The man answered with a grim smile. "Some time ago, one of our own was shipwrecked here. Shipwrecked and spirit-possessed. His legacy left water in your bloodline."
There was disgust in his tone, and Iris's mind flickered over the implications, unwilling to delve into the sliminess she felt at its truth.
"You've some of that water in you," he continued, nodding in her direction. "All you Candlemaidens do, I think. Or at least, the proper ones."

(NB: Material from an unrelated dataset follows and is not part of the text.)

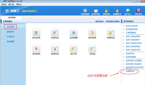 在功能導(dǎo)航窗點(diǎn)擊“業(yè)務(wù)處理”,業(yè)務(wù)處理模塊最右側(cè)是“相關(guān)查詢統(tǒng)計(jì)”,在相關(guān)查詢統(tǒng)計(jì)內(nèi)點(diǎn)擊“經(jīng)營(yíng)情況表”,如圖3所示。
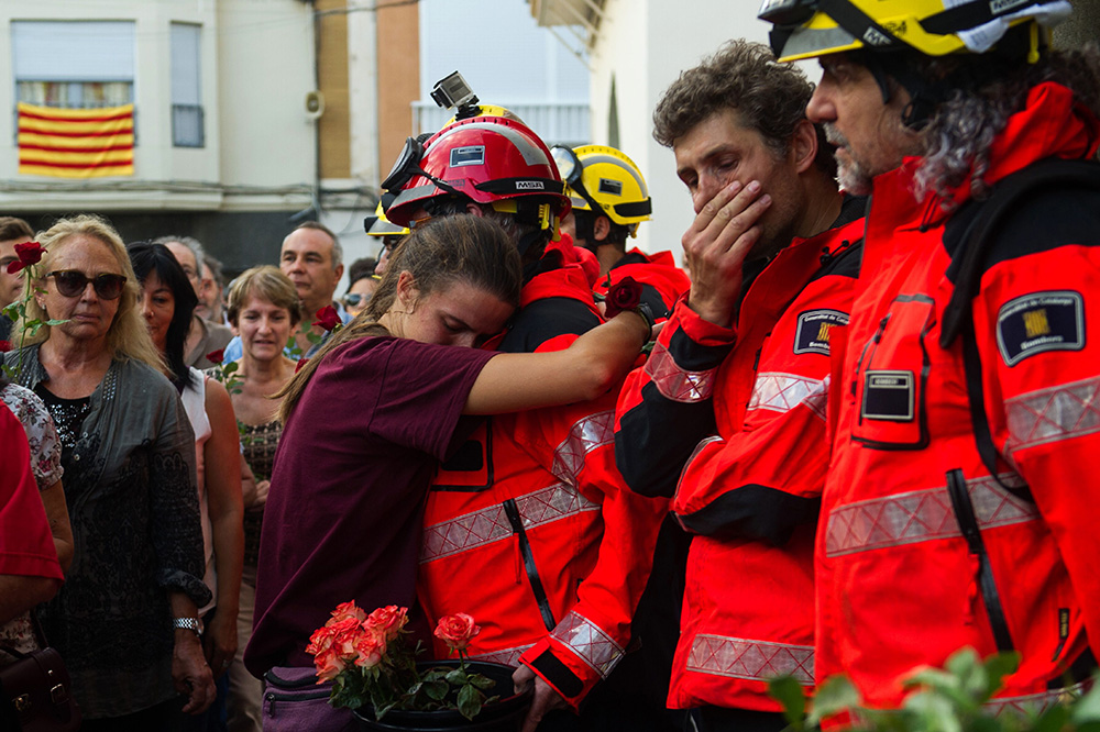图:加泰罗尼亚3日大罢工,一名女子与消防员无言相拥/法新社

This was a familiar theme, a favorite of Hall's; the girls being trained up in the city seminary were only rarely of the right blood and only barely deserved an association with the title Candlemaiden. It was improper for Candlemaidens to be raised as anything other than apprentices, Hall maintained, but the tribunes argued such a method was inefficient, and nowadays most Candlemaidens were prim young girls from large city families who were shipped out to the villages with Kaerent priests. Or so Iris heard from an irate Hall. This was, after all, her first time outside of her canton.

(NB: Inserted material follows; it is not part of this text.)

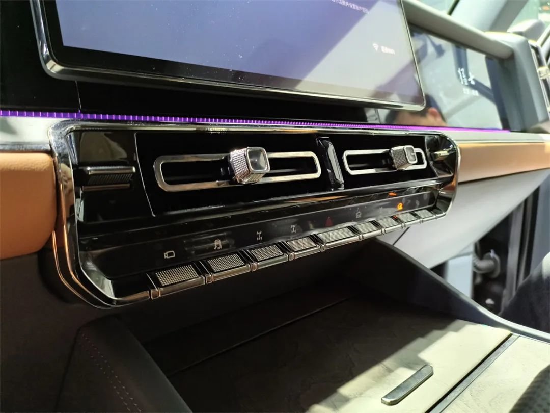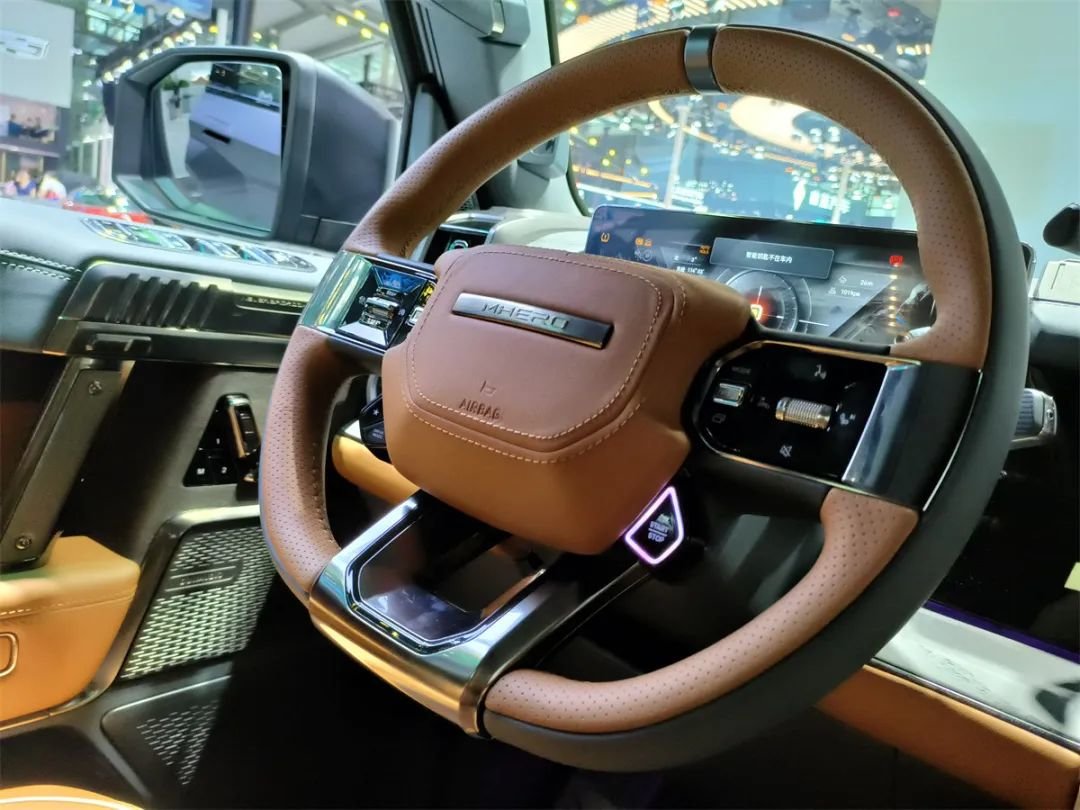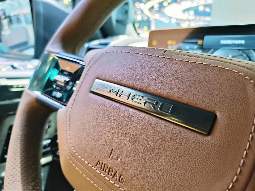 虽然是一台定位为硬派越野的车,但猛士917同样不缺少细节。首先是方向盘,猛士的LOGO用冲压的方式刻在一块不锈钢片上,再镶嵌进大面积真皮的方向盘内圈里。通过我们这张细节图大家同样可以发现,猛士917这个方向盘的真皮包裹物,用的是头层牛皮,而非很多百万级车型普遍采用的二层皮,荔枝皮甚至是覆膜皮。头层牛皮的质感,是“吊打”其他任何一种皮料的。

"An interesting thing for an outsider to know," Iris mused, not intending offense.
"Oh. Well, I'm here to study you. I mean your culture, your magicks." He slid a hand down his odd robes and tugged at the sash around his waist. "I'm a scholar. It's what I do."
Strange for a scholar to have such an air of magic and mystery around him. "Do you enjoy it?"
"I enjoy having purpose."
Sometimes that had to be enough, Iris thought, and she hummed in agreement, or at least kindred acknowledgement.

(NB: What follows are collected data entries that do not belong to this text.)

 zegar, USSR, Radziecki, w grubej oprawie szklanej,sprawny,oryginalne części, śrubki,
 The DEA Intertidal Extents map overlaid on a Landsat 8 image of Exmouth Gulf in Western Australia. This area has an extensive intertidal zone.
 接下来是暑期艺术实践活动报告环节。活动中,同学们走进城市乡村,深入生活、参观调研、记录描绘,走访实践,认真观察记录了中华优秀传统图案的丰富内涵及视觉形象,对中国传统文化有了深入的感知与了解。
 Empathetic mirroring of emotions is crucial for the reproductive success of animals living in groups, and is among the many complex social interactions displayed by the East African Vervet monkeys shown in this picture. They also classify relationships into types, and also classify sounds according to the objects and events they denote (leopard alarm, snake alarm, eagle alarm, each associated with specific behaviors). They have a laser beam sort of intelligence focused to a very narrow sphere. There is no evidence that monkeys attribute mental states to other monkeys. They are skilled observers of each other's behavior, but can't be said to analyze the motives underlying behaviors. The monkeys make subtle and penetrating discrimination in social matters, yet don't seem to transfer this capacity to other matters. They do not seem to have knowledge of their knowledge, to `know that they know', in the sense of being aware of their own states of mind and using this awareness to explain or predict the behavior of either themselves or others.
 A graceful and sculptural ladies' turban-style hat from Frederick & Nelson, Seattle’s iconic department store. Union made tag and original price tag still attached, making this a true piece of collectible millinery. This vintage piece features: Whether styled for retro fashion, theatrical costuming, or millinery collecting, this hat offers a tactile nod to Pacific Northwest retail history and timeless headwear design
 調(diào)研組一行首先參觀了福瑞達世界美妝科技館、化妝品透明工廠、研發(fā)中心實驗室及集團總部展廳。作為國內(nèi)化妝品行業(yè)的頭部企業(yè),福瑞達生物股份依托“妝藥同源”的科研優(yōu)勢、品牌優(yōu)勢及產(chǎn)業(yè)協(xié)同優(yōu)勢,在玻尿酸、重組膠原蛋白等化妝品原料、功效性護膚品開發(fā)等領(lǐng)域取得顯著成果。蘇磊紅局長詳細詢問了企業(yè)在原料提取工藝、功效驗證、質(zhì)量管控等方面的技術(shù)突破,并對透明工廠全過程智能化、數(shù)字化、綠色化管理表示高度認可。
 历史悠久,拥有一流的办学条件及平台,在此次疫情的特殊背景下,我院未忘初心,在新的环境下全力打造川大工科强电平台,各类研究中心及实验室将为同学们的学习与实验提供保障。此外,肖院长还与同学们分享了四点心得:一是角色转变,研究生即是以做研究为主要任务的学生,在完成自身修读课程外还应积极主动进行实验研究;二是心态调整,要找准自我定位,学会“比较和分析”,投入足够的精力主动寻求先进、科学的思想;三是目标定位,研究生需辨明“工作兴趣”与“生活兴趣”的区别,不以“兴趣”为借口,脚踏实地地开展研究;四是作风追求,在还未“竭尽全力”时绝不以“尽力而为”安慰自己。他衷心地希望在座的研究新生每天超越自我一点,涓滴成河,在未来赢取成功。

Iris looked back at the inn, the life she was being pulled into at the cost of her foremost purpose. She didn't want to return. She didn't want to lose what she had left. But Mother Hall had said it was for the best.
"I should go."
"Yes." The man turned back to look at the sea, and Iris realized he wasn't that old at all, perhaps just a few years older than herself. "It isn't... time." He shrugged at his odd phrasing, dislodging a bird from his shoulder. "My name is Cecil. Maybe we'll meet again someday."
It felt right to Iris that they might. She gave him a half-smile and her name in return before taking her leave.
She had worried she had stayed out too long in the timeless space of foggy night, but there were still a few girls loitering outside the inn, keeping to that small sense of freedom despite their shivers. As an afterthought, Iris waved her hand in the air and undid her will-o-wisp lantern as she headed towards the door. The Kaerents didn't take well to her spiritcraft.
"What were you doing over there?" The girl who asked was small and shy, and Iris found both the fact someone was speaking to her and the question itself odd.
"I was talking to that man."
"What man?"
Iris turned to see if Cecil had vanished, but he was still there, staring out at the sea and tossing cuts of fish to the crows. Looking back at the girl, she saw no trace of mischief, just honest confusion.
"Do you not see him? Leaning up against the post?" Perhaps the girl's eyesight was bad.
"Maybe? It's too foggy to see much of anything over there."
Foggy? Perhaps. Iris couldn't see far down the streets, and she lost sight of the ocean by the end of the pier, but the man by post was crystal clear in her eyes. It was as if he drank in every wisp of light left and shone with its stolen glow.
"It's cold. Let us go inside."
***
In the morning Iris woke to a crow on the windowsill. While the rest of the girls still slept, and feeling indeed as if she were still in a dream, Iris opened the window and gave the crow a small candle of violet and yellow.
"If your master ever has need of me, tell him he need only light this candle and I will know."
Then she went back to sleep and let the whole thing become a blurred memory like a dream.
***
Years and years later, standing on a hill in the realm of Death, she would wonder at how so small a candle could change the paths of empires and still let her lose her closest companion.